DIRECTIONS FOR THIS TASK: Transcribe the listing exactly; drop the images.

INFORMATION PROVIDED:
+---+

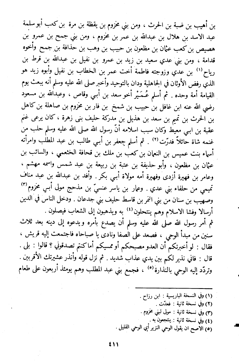 بن أهيب بن ضبة بن الحرث، ومن بني مخزوم بن يقظة بن مرة بن كعب أبو سلمة عبد الأسد بن هلال بن عبد الله بن عمر بن مخزوم، ومن بني جمح بن عمرو بن هصيص بن كعب عثمان بن مظعون بن حبيب بن وهب بن حذافة بن جمح وأخوه قدامة، ومن بني عدي سعيد بن زيد بن عمرو بن نفيل بن عبد الله بن قرط بن رياح [1] بن عدي وزوجته فاطمة أخت عمر بن الخطاب بن نفيل وأبوه زيد هو الّذي رفض الأوثان في الجاهلية ودان بالتوحيد وأخبر صلى الله عليه وسلم أنه يبعث يوم القيامة أمة وحده. ثم أسلم عمير أخو سعد بن أبي وقاص، وعبد الله بن مسعود رضي الله عنه ابن غافل بن حبيب بن شمخ بن فار بن مخزوم بن صاهلة بن كاهل بن الحرث بن تميم بن سعد بن هذيل بن مدركة حليف بنى زهرة، كان يرعى غنم عقبة بن أبي معيط وكان سبب إسلامه أنّ رسول الله صلى الله عليه وسلم حلب من غنمه شاة حائلا فدرّت [2] . ثم أسلم جعفر بن أبي طالب بن عبد المطلب وامرأته أسماء بنت عميس بن النعمان بن كعب بن ملك بن قحافة الخثعميّ، والسائب بن عثمان بن مظعون، وأبو حذيفة بن عتبة بن ربيعة بن عبد شمس واسمه مهشم، وعامر بن فهيرة أزدى وفهيرة أمه مولاة أبي بكر. وأفد بن عبد الله بن عبد مناف تميمي من حلفاء بني عدي. وعمار بن ياسر عنسي بن مذحج مولى أبي مخزوم [3] وصهيب بن سنان من بني النمر بن قاسط حليف بني جدعان. ودخل الناس في الدين أرسالا وفشا الإسلام وهم ينتحلون [4] به ويذهبون إلى الشعاب فيصلون.
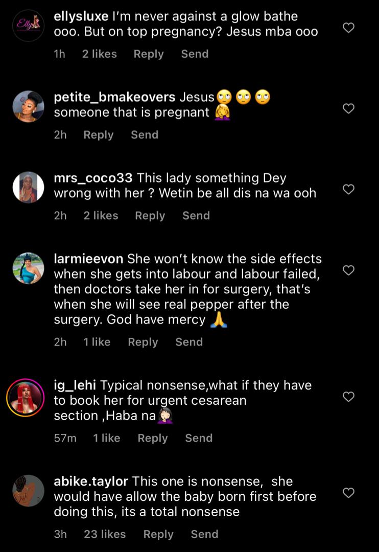 The said pregnant woman, however, went through the process of having her skin bleached despite the delicate state of carrying a baby in her tummy.
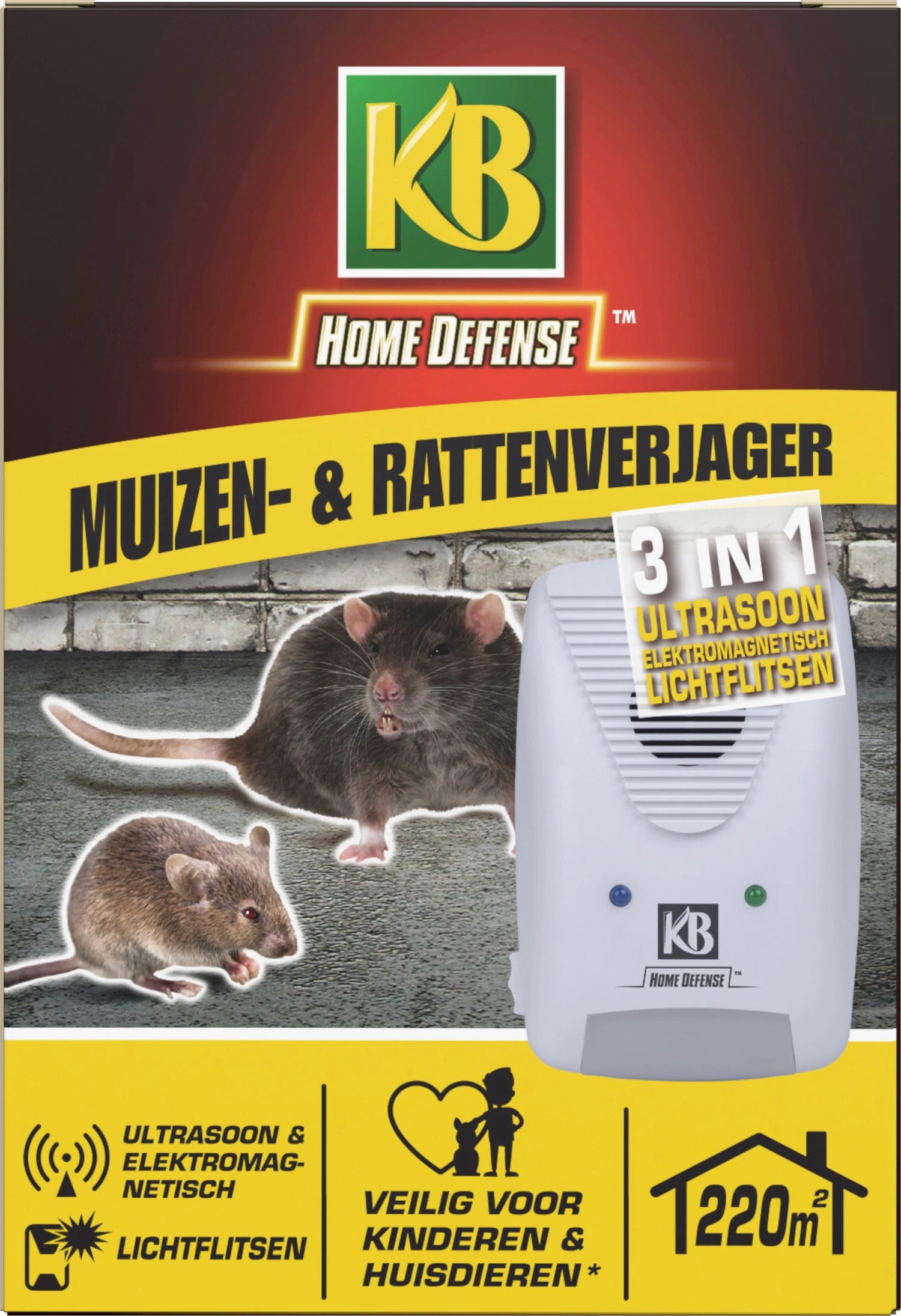 Deze KB Muizen- en Rattenverjager combineert ultrasoon, elektromagnetisch en lichtflitsen met elkaar om muizen en ratten te verjagen.
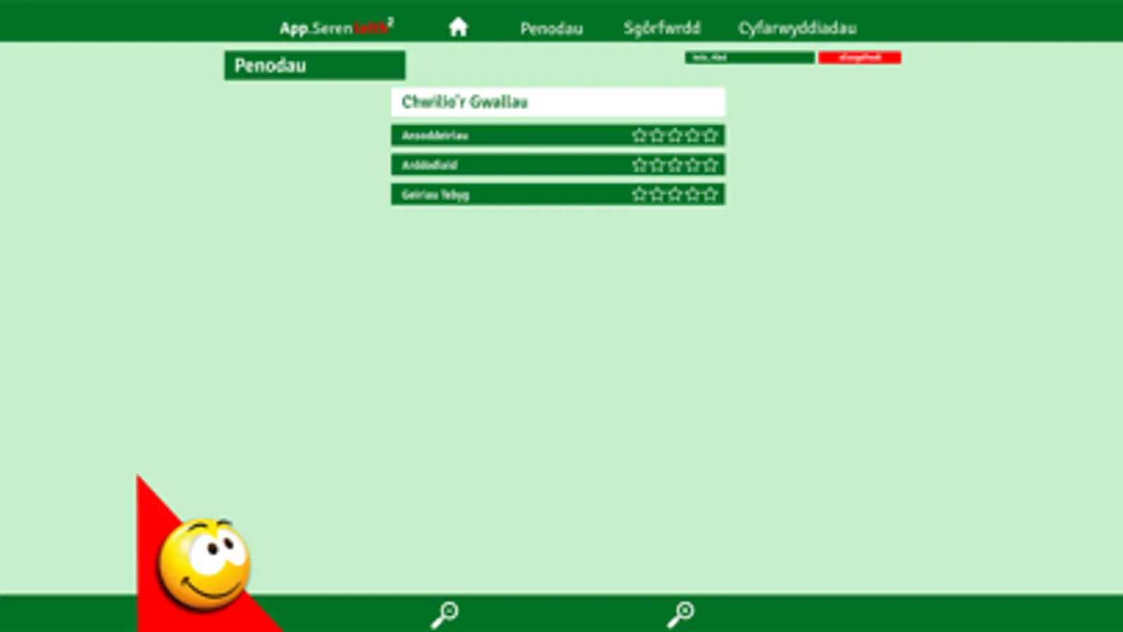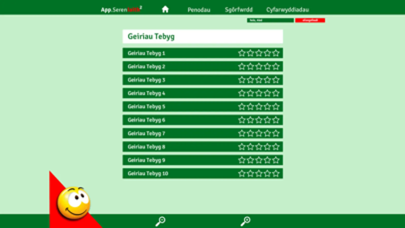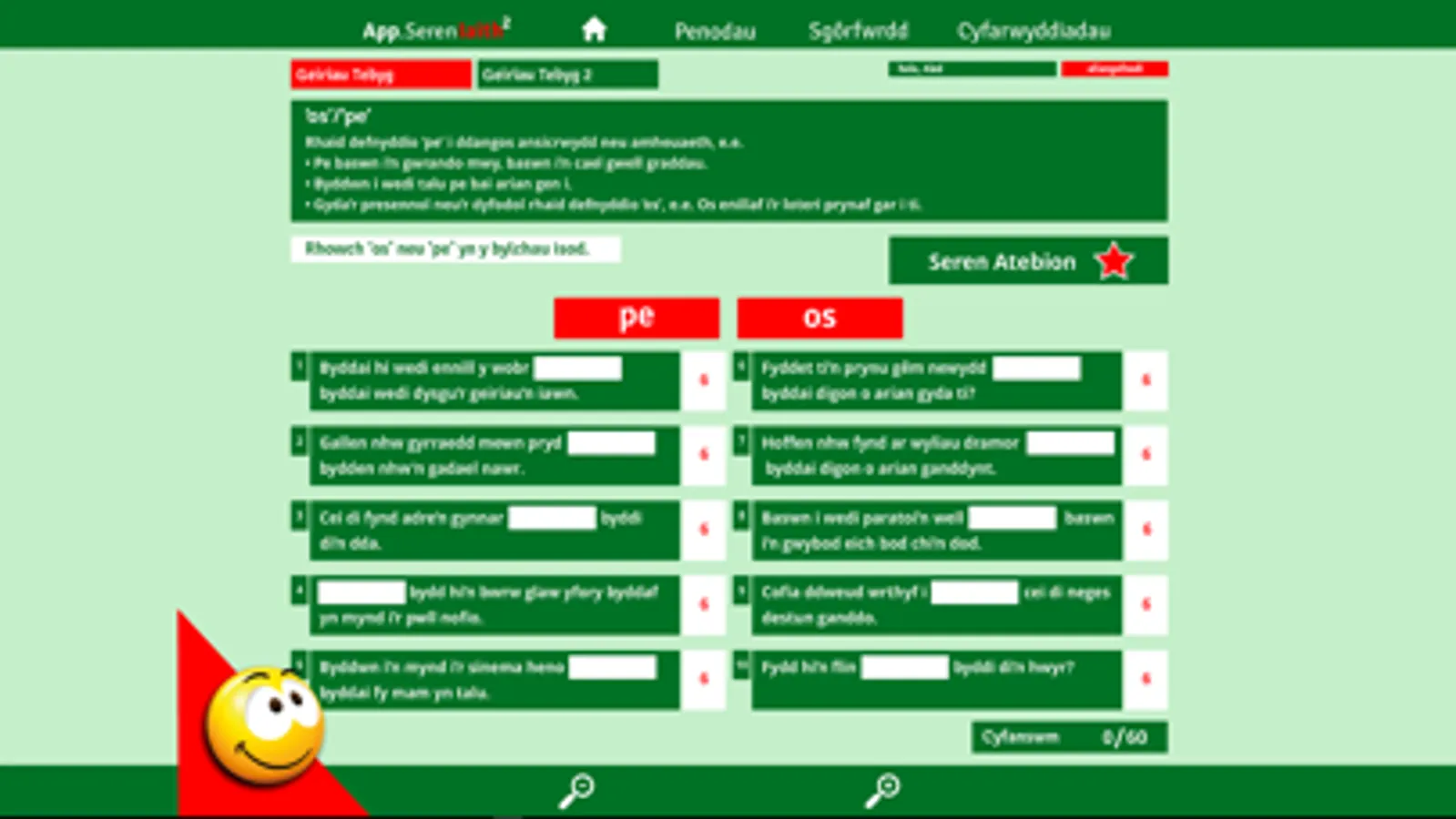 Nod yr app hwn yw gwella sgiliau ieithyddol oedolion a phobl ifanc Cymru, yn Gymry Cymraeg ac yn ddysgwyr ac unwaith eto, targedir y gwallau mwyaf cyffredin. Mae atebion posibl i bob tasg ar gael wrth ddefnyddio’r ‘seren atebion’ yn y meddalwedd.

+---+

RESPONSE BOX:
 بن أهيب بن ضبة بن الحرث، ومن بني مخزوم بن يقظة بن مرة بن كعب أبو سلمة عبد الأسد بن هلال بن عبد الله بن عمر بن مخزوم، ومن بني جمح بن عمرو بن هصيص بن كعب عثمان بن مظعون بن حبيب بن وهب بن حذافة بن جمح وأخوه قدامة، ومن بني عدي سعيد بن زيد بن عمرو بن نفيل بن عبد الله بن قرط بن رياح [1] بن عدي وزوجته فاطمة أخت عمر بن الخطاب بن نفيل وأبوه زيد هو الّذي رفض الأوثان في الجاهلية ودان بالتوحيد وأخبر صلى الله عليه وسلم أنه يبعث يوم القيامة أمة وحده. ثم أسلم عمير أخو سعد بن أبي وقاص، وعبد الله بن مسعود رضي الله عنه ابن غافل بن حبيب بن شمخ بن فار بن مخزوم بن صاهلة بن كاهل بن الحرث بن تميم بن سعد بن هذيل بن مدركة حليف بنى زهرة، كان يرعى غنم عقبة بن أبي معيط وكان سبب إسلامه أنّ رسول الله صلى الله عليه وسلم حلب من غنمه شاة حائلا فدرّت [2] . ثم أسلم جعفر بن أبي طالب بن عبد المطلب وامرأته أسماء بنت عميس بن النعمان بن كعب بن ملك بن قحافة الخثعميّ، والسائب بن عثمان بن مظعون، وأبو حذيفة بن عتبة بن ربيعة بن عبد شمس واسمه مهشم، وعامر بن فهيرة أزدى وفهيرة أمه مولاة أبي بكر. وأفد بن عبد الله بن عبد مناف تميمي من حلفاء بني عدي. وعمار بن ياسر عنسي بن مذحج مولى أبي مخزوم [3] وصهيب بن سنان من بني النمر بن قاسط حليف بني جدعان. ودخل الناس في الدين أرسالا وفشا الإسلام وهم ينتحلون [4] به ويذهبون إلى الشعاب فيصلون.
 The said pregnant woman, however, went through the process of having her skin bleached despite the delicate state of carrying a baby in her tummy.
 Deze KB Muizen- en Rattenverjager combineert ultrasoon, elektromagnetisch en lichtflitsen met elkaar om muizen en ratten te verjagen.
 Nod yr app hwn yw gwella sgiliau ieithyddol oedolion a phobl ifanc Cymru, yn Gymry Cymraeg ac yn ddysgwyr ac unwaith eto, targedir y gwallau mwyaf cyffredin. Mae atebion posibl i bob tasg ar gael wrth ddefnyddio’r ‘seren atebion’ yn y meddalwedd.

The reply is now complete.